■ Input ■
━━━━━━━━━━━━━━━━━━━━━━━━━━━━━━
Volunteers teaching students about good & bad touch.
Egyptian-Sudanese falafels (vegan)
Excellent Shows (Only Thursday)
━━━━━━━━━━━━━━━━━━━━━━━━━━━━━━
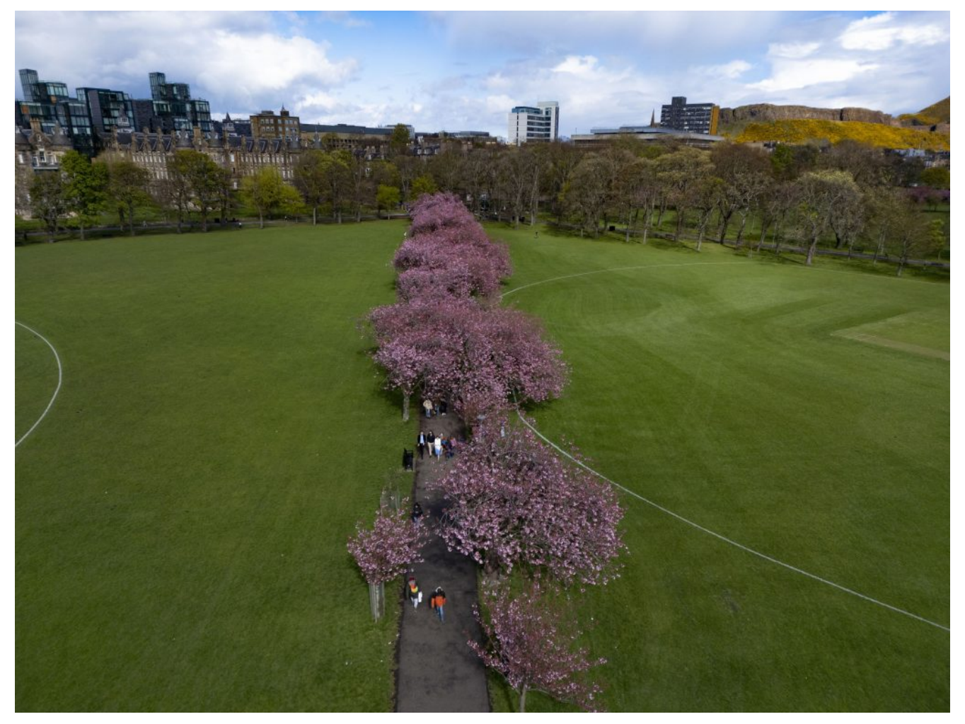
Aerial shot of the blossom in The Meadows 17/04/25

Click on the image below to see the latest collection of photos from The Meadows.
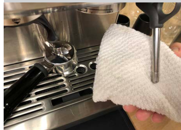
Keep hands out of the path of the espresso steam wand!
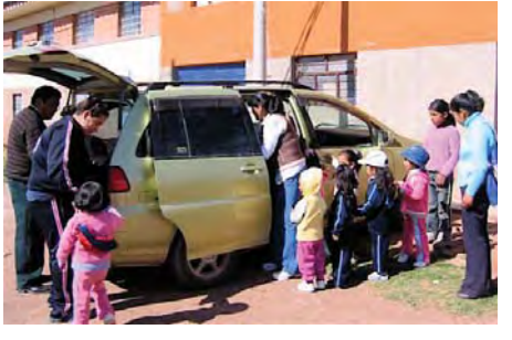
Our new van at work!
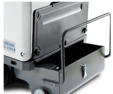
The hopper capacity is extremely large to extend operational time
━━━━━━━━━━━━━━━━━━━━━━━━━━━━━━
Every line from the one with "Our new van at work!" through the one with "The hopper capacity" is to be reproduced exactly as written above, and the pictures are to be dropped.

Our new van at work!
The hopper capacity is extremely large to extend operational time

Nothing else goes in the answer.